O troféu "Sueto", na forma de uma pequena estatueta representando a escritora e livre-pensadora olhando em frente, sentada e pensativa, será concedido anualmente ao melhor trabalho de literatura produzido por felinos. Sueto, após ganhar por dez anos consecutivos o prêmio "Felinos Escritores", decidiu doar o troféu criando uma nova premiação.

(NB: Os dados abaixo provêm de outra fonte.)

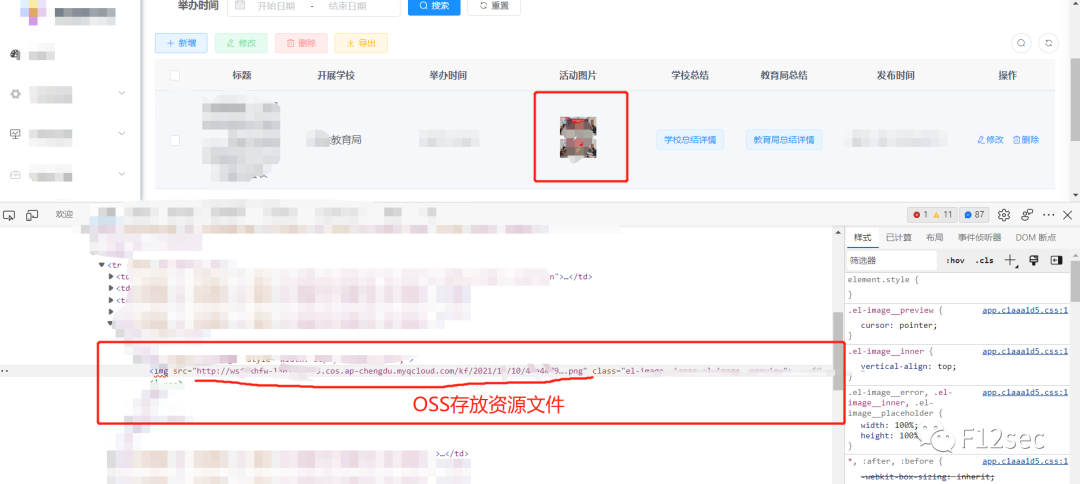 通过翻查其他的功能点,我发现该系统的图片之类的资源文件都是放在云OSS上。
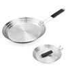 Round Hollow Wooden Handle BBQ Grill Pan for Outdoor Vegetables and Meat
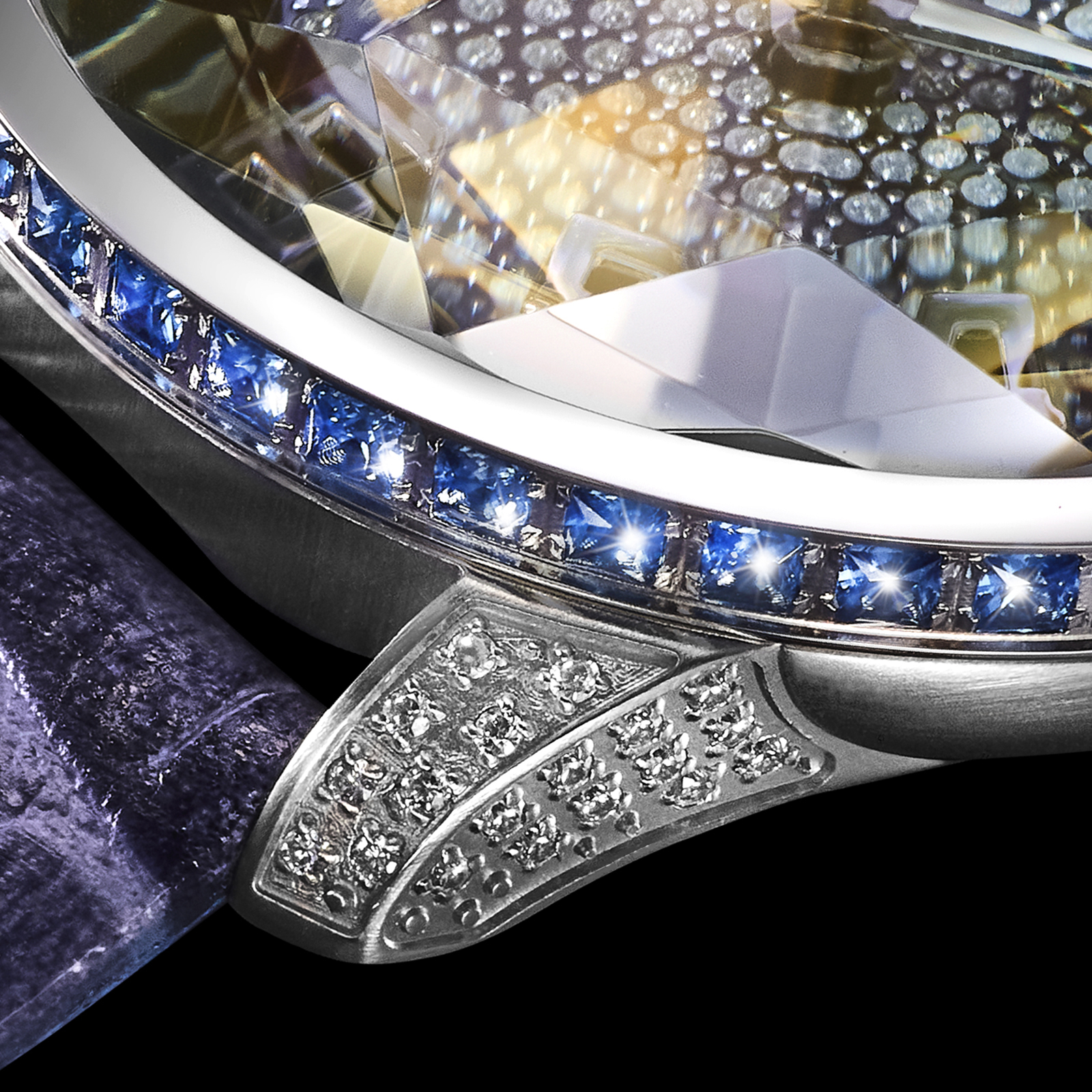 ケースサイドには明るいネイビーカラーのキュービックジルコニアを、ラグ部分にはクリスタルガラスを配置することで、夜空に輝く星を表現。
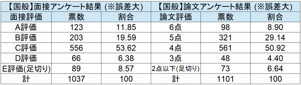 そこで受験生たちにTwitterやLINEで協力してもらって、自分の面接・論文の評価について1000名以上の方にアンケートに答えていただきました。
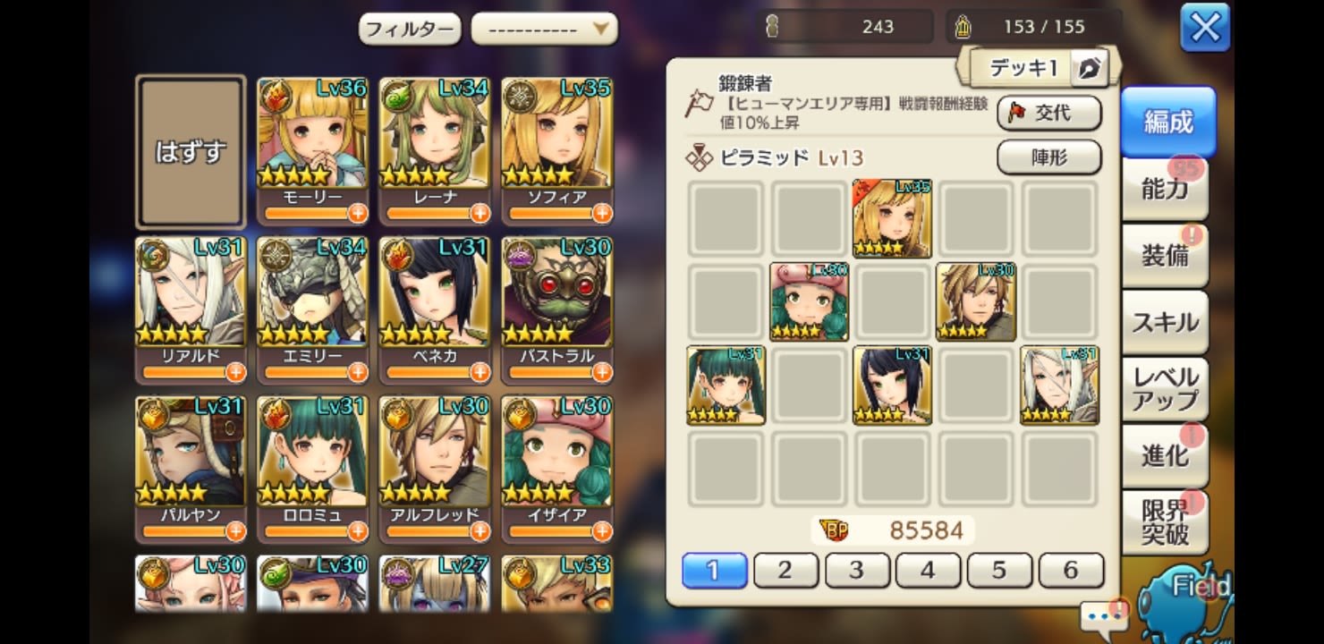 2018/10/19 00:34 公開 ロヴァニエ 念願のクリア(((o(*゚∀゚*)o))) 雑日誌 攻略 何度もチャレンジしてた、ロヴァニエをクリア出来ました。ベネカ様々です。鬼ごっこが下手っぴなので、中々削りきれず、いつも時間切れだったのですが………ソフィアに知力積んだら行けました。編成はスクショの通りです。ソフィアは左右に動かして、盗賊3人になったら、ガチンコ勝負で、時間ギリギリ数秒残りでした。アドバイスくれたななさんと、クリアして日誌を上げて下さった皆様のお陰です。ありがとうございました(((o(*゚∀゚*)o))) シア リンクをコピーしました 前の旅日誌 旅日誌一覧 次の旅日誌 コメント 1 ルナのジェシーち ID: c7kj2wkfftjb すげー。おめでとうございます。ダメージ減や増をかなり積まないとクリアできるだけません。私はまだそのエリアにはまだ無理です。 2018/10/19 05:53 2 もふω ID: j6qmtngtk6mc シアさんおめでとうございますーーー!!!‹‹\(´ω` )››‹‹\( ´)›› ‹‹\( ´ω`)››~♪★ロヴァニエステキーーーー!!!!!私も頑張らねば( 'ω' ;) 2018/10/20 21:57
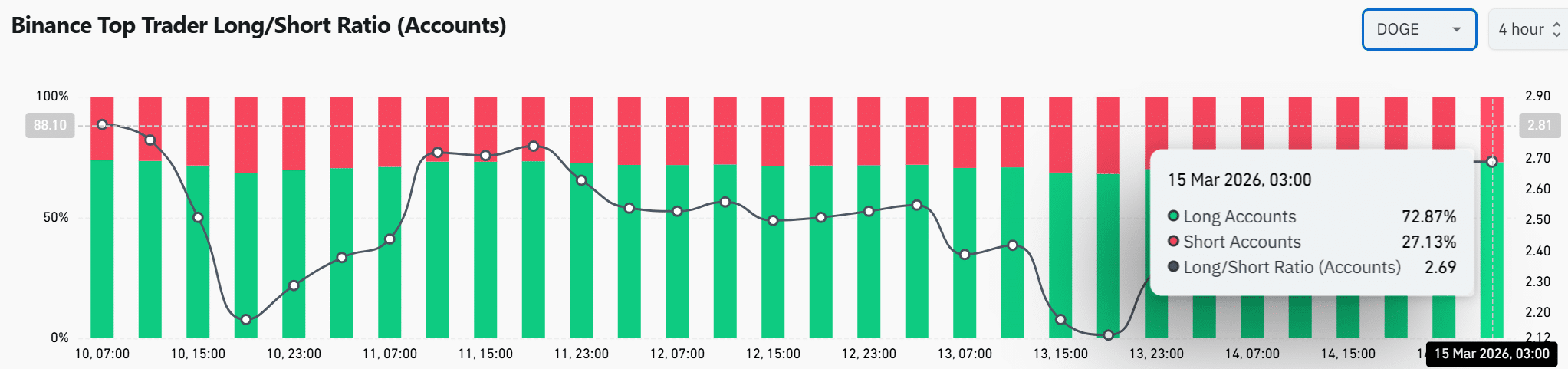 Around 72.87% of top trader accounts held long positions, while shorts accounted for 27.13%. This pushed the Long/Short Ratio to 2.69.
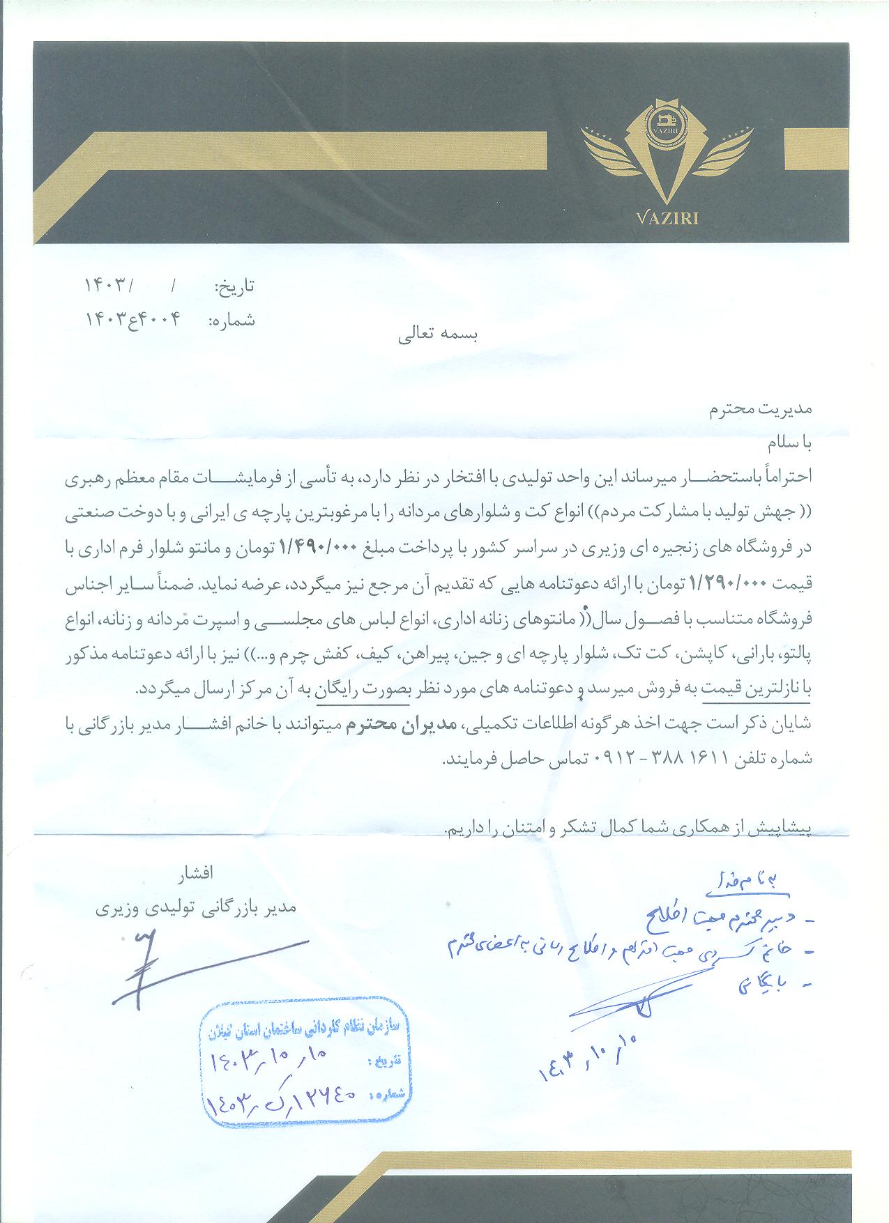کارت تخفيف فروشگاه پوشاک وزيري
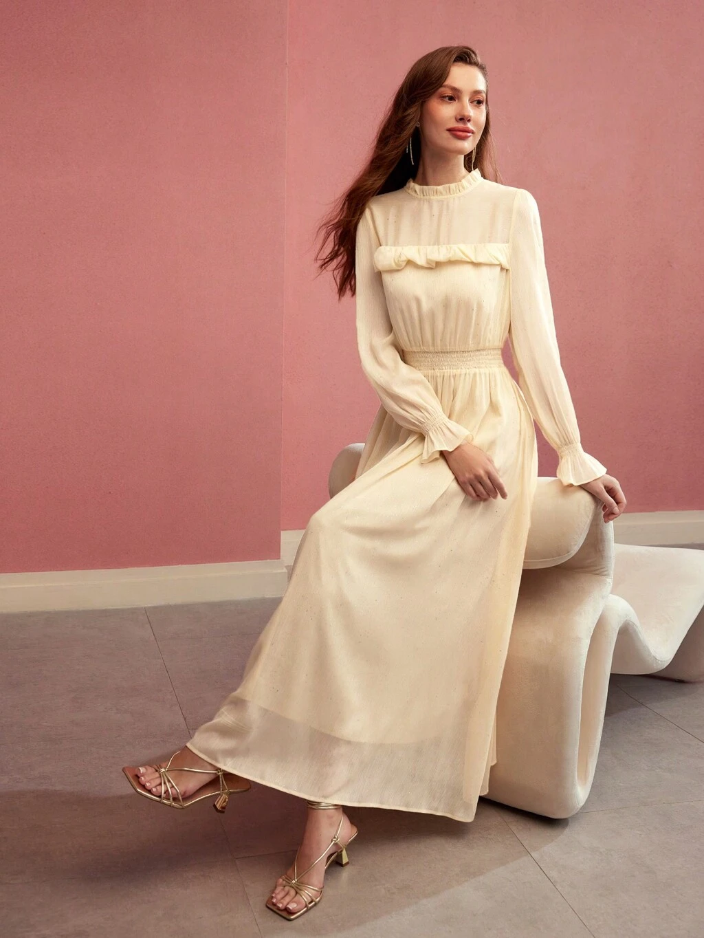ZEYLAH Vestido largo con mangas de linterna, dobladillo plisado, adornado con aplicaciones de strass y perlas falsas, y cinturón
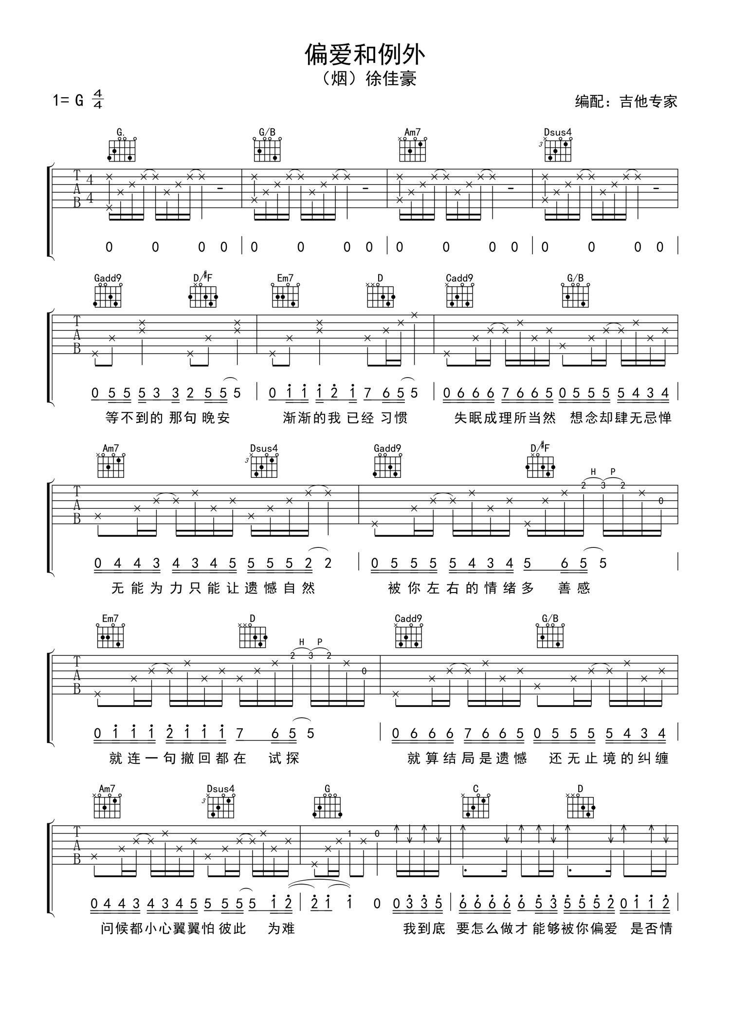 • 偏爱和例外吉他谱 - 烟(许佳豪) - G调吉他弹唱谱第1张
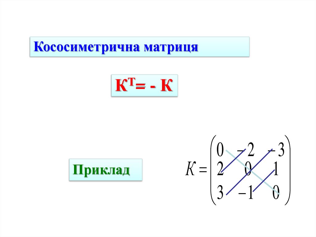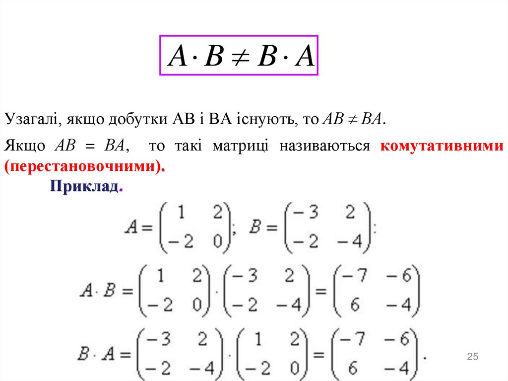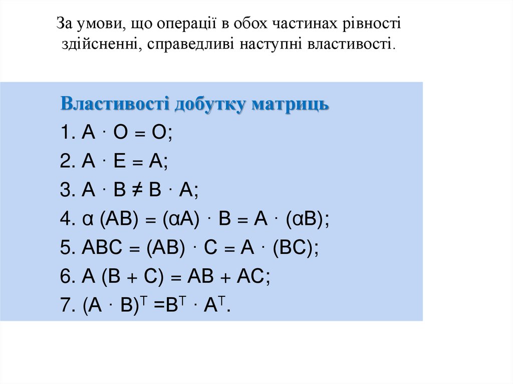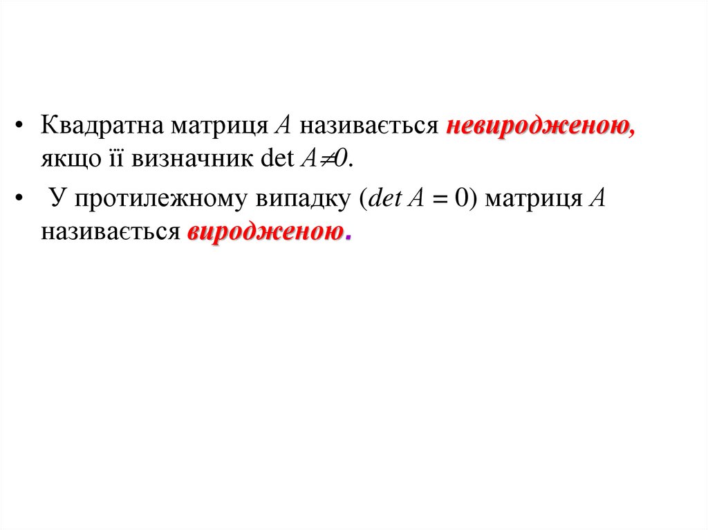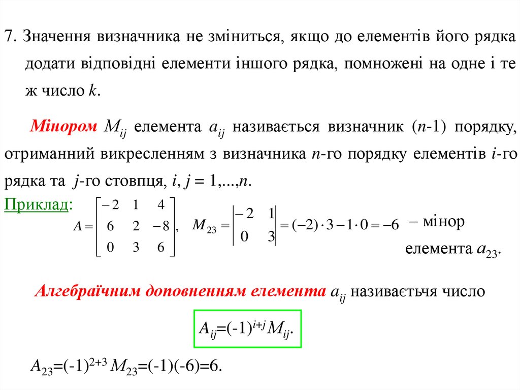 • Сума добутків елементів будь-якого ряду кв. матриці наалгебраїчні доповнення відповідних елементів іншого її
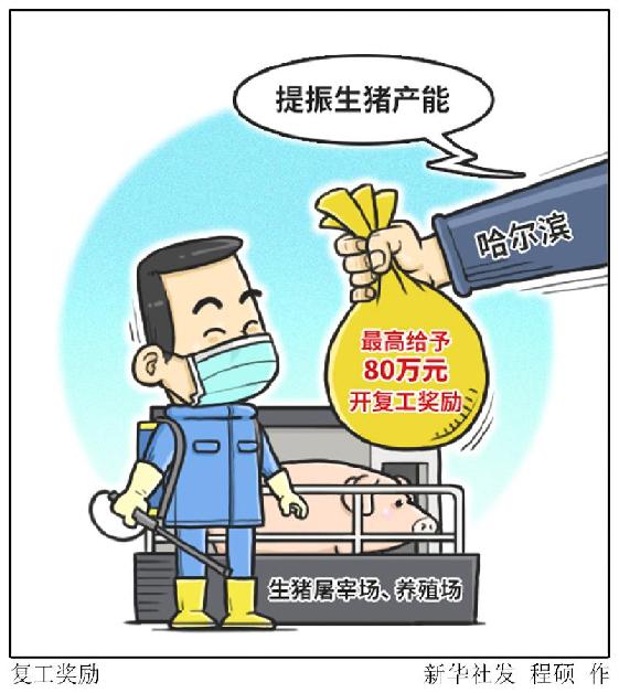 新華社哈爾濱3月28日電(記者強勇)記者從哈爾濱市政府了解到,為提振疫情影響下的生豬產能,今年哈爾濱市將完成360萬頭生豬養殖任務,并對日均屠宰量500頭以上的生豬定點屠宰廠給予最高80萬元一次性開復工獎勵。
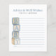 Invite guests to leave meaningful advice and heartfelt wishes for the parents-to-be with this keepsake baby shower card. Designed with a soft dusty blue gingham border and vintage-style baby block artwork, it pairs beautifully with classic, boy, and neutral baby shower themes. Display at each place setting or alongside the guest book for a treasured memory to keep.
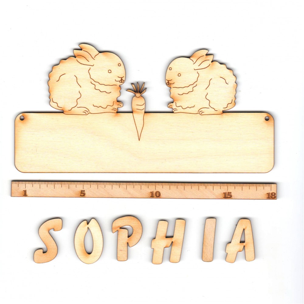 2 Hoppelhasen mit Karotte als Türschild incl. Buchstaben
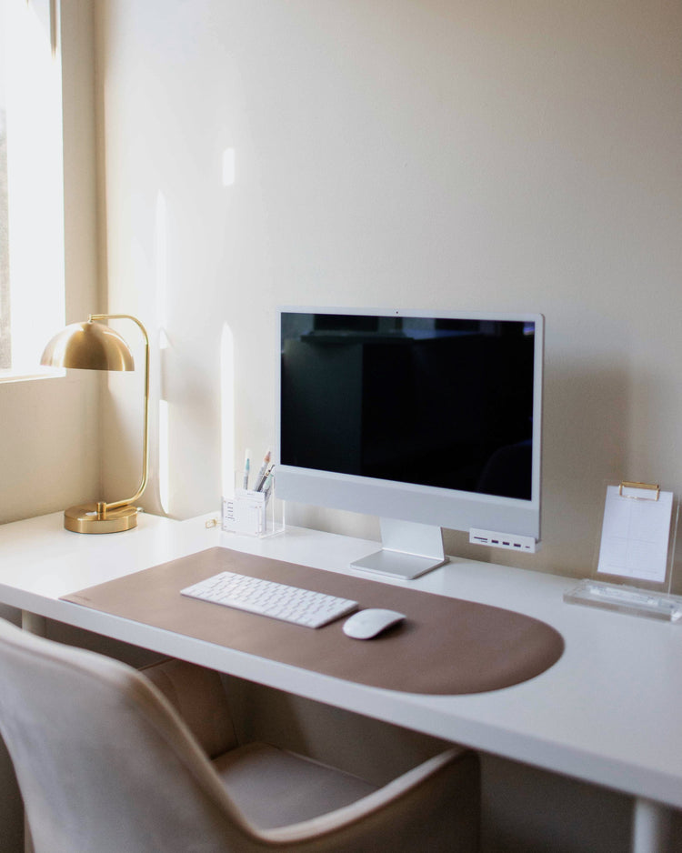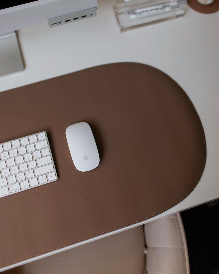 The high-quality vegan leather provides a durable and water-resistant surface, protecting your desk from scratches, spills, and stains. The Poi & Hun Arch Desk Mat is the perfect piece to building your tidy and efficient workspace.
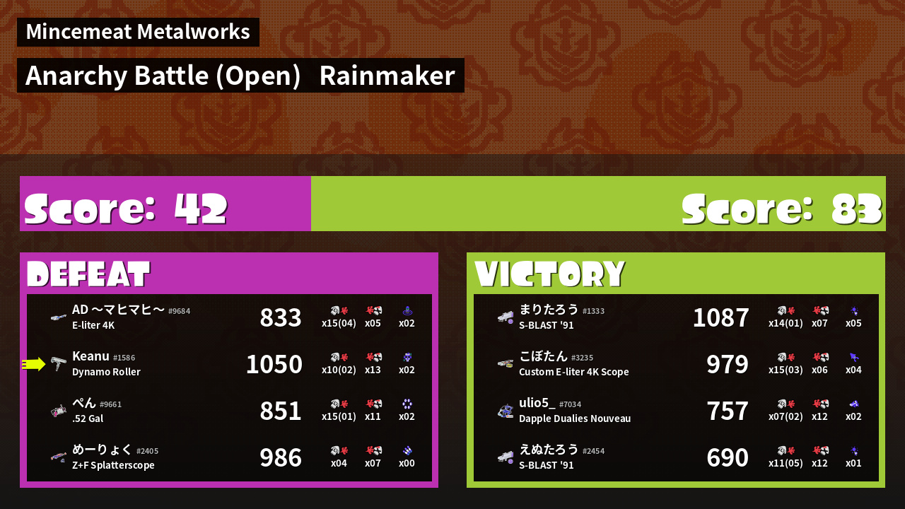 | Mode | Rainmaker - Anarchy Battle (Open) | ||

sábado, 15 de agosto de 2009

Sueto e Eu (II)

Volto a esclarecer porque isto tem dado margem a um ou outro mal entendido.
Há quem indague: " mas, como, então não és tu quem escreve os textos?" , mal entendido que se torna ainda maior quanto tento explicar que não, que é Sueto e que Sueto é uma gata!
 Em nossa relação literária, Sueto é a criadora, dela advém a inspiração que dá origem aos textos.
Eu, humildemente, apenas procuro com minha limitada capacidade de percepção, traduzir na pobre linguagem e escrita dos humanos o universo que ela capta do alto de sua sabedoria, em seu cotidiano andar pela casa e pelos telhados, além de eventuais fugidas pela vizinhança.
Mas não me sinto incômodo assim, afinal só tenho a ganhar e, como um humilde aprendiz, procuro colher ao máximo os ensinamentos que um ser tão perfeito quanto Sueto tem a transmitir.
Talvez até um dia, se me dedicar o suficiente, possa ser reconhecido como um escritor e não apenas como um razoável tradutor dos sentimentos e expressões felinas (foto Giacomo Orlando).

domingo, 2 de agosto de 2009

É preciso admitir: somos inteligentes

Aos poucos os humanos começam a se dar conta de nossa inteligência e de nossas capacidades.
Só não se deram conta disto antes em razão da incapacidade deles próprios.
O lado bom desta descoberta é que tendem a começar a nos tratar como iguais.
O lado ruim é que já não será tão fácil ludibriá-los.
Mas vamos continuar tentando ...

sábado, 27 de junho de 2009

Não se metam conosco

Prefiro não fazer comentários... um vídeo vale por um milhão de palavras...

segunda-feira, 18 de maio de 2009

Falujah

Como meu dono decidiu falar de mim pois lhe permiti fazer uma intervenção em meus escritos, vou me referir a Falujah. Creio que disse algumas palavras sobre ela, não me lembro bem, mas me parece também que minhas palavras não foram muito simpáticas. De lá para cá nem mudou muita coisa, mas já não vejo Falujah com os mesmos olhos intolerantes de antes. Ontem, domingo, até ficamos por um tempo próximas uma da outra no sobrado que foi construído ao lado da casa. Esta inesperada proximidade foi favorecida, é bom reconhecer, pelo desejo comum de aproveitar o calorzinho do sol de outuno que batia lá encima.. Mas foi o suficiente para vivermos uma trégua. Por enquanto eu continuo com minha territorialidade na parte térrea enquanto Faluhaj, acompanhada pela gata Gaza, ocupa os terraços e os telhados.Assim estamos bem já a algum tempo. Agora, no entanto, com o surgimento do sobrado e o nosso interesse comum de andar por ali, creio que eu e Falujah vamos ter, finalmente, que chegar a um acordo.Será bom, começo a ter esta certeza, para nós dois.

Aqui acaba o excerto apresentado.